Und so kommt zu den drei genannten Punkten noch einer hinzu: Zugeben – um Vergebung bitten – gut handeln – und als vierter Punkt: Gott bitten, dass er aus meiner Sünde Gutes machen möge. Das heißt nicht, dass Sünde nicht Sünde bleibt, das heißt nicht, dass Schuld nicht Schuld bleibt und äußerst ernst genommen werden muss und so es an uns liegt, in uns bekämpft werden muss. Aber unser Gott ist so gnädig, dass er aus unserer Schuld auch Gutes machen kann, sie wenden kann – und sie auslöschen kann. Und der Nachkomme Davids, der uns das zeigt, ist Jesus Christus. Er starb am Kreuz für unsere Sünden. Er löscht sie aus, er befreit uns. Das harte Wort gilt: Du bist es! Aber das Wort gilt auch: Dir wurde vergeben, du bist frei!

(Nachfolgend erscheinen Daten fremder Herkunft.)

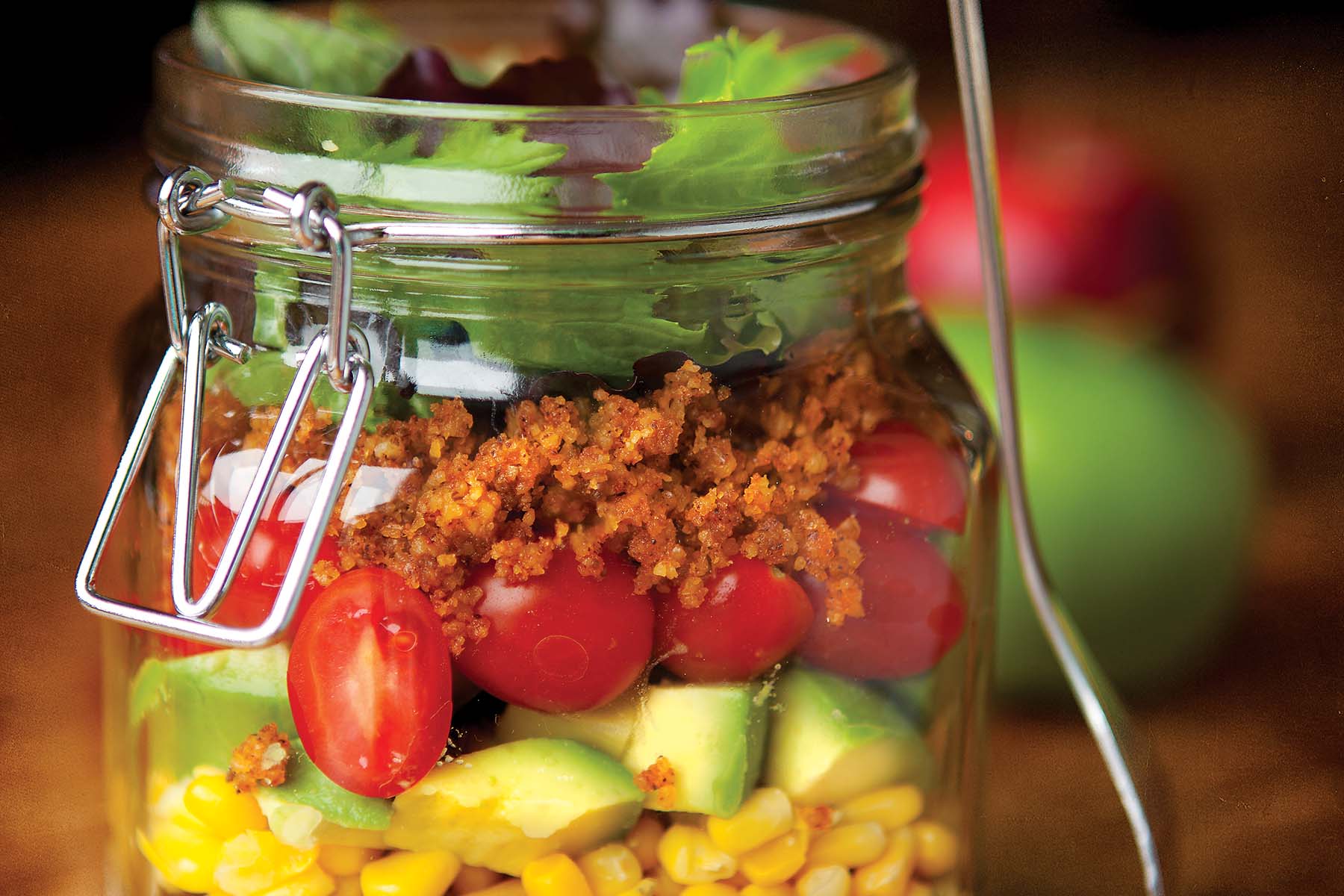 Tacos aren’t just for Tuesday! This amped-up mason jar salad is perfect for any day of the week—say, Meatless Monday? Layer the ingredients starting with dressing on the bottom, and the driest ingredients on top, to keep your salad from getting soggy and save on dishes.
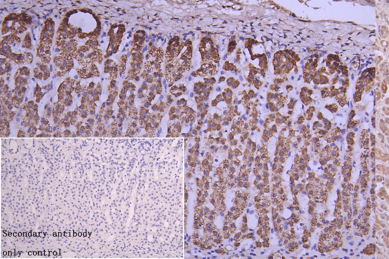• IHC image of CSB-PA623797LA01HU diluted at 1:150 and staining in paraffin-embedded human adrenal gland tissue performed on a Leica BondTM system. After dewaxing and hydration, antigen retrieval was mediated by high pressure in a citrate buffer (pH 6.0). Section was blocked with 10% normal goat serum 30min at RT. Then primary antibody (1% BSA) was incubated at 4°C overnight. The primary is detected by a Goat anti-rabbit polymer IgG labeled by HRP and visualized using 0.05% DAB. Secondary antibody only control: uses 1% BSA instead of primary antibody

Ja, wir wissen es, wo wir in unserem Leben falsch gehandelt haben. Und manchmal fällt es uns blitzschnell und siedend heiß ein, dass wir Menschen verletzt haben, aktiv oder durch Missachtung, aus Eigensucht oder auch aus Gleichgültigkeit.
Was auch immer jedem von uns eingefallen sein mag: Es gilt die Zusage Gottes: Durch Jesus Christus wurde dir vergeben, du bist frei. Du musst dir nun keinen Kopf mehr – wie man so schön sagt – darum machen.
Wir können alles, womit wir schuldig geworden sind oder wodurch wir uns schuldig fühlen, im Gebet in Gottes Hand legen:
Gott, Du weißt, was ich in meinem Leben falsch gemacht habe.
Es tut mir auch sehr Leid, und so gut ich es kann,
habe ich versucht, es wieder gut zu machen.
Und so lege ich Dir meine Schuld in Deine Hand.
Hilf mir, sie bei Dir zu lassen, hilf mir, Dir zu vertrauen, dass Du mich befreit hast.
Und so danke ich Dir für Deine große vergebende Liebe.
Und weil Du mich liebst, darf ich jedes Mal wieder kommen
und Dir meine dunklen, kränkenden Gefühle in die Hand legen. Danke, mein Gott. Amen.
So oder ähnlich können wir beten.
Nun sind wir freilich aufgefordert, auch anderen Menschen zu vergeben, die uns Ungutes getan haben. Wenn das geschieht, dann können wir, die wir Menschen Gottes sind, wie Heilpflanzen, wie Heilkräuter wirken. Sie wachsen überall ungefragt, man reißt sie aus – aber sie kommen wieder und wieder. Sie duften in ihrer Zeit, sie sind für ihr Umfeld schmerzhaft und heilsam. So sind wir Menschen Gottes Heilkräuter, die Gott den Menschen schickt, um ihnen zu sagen: Du bist es! – damit, so die Hoffnung, unsere Gesellschaft besser wird.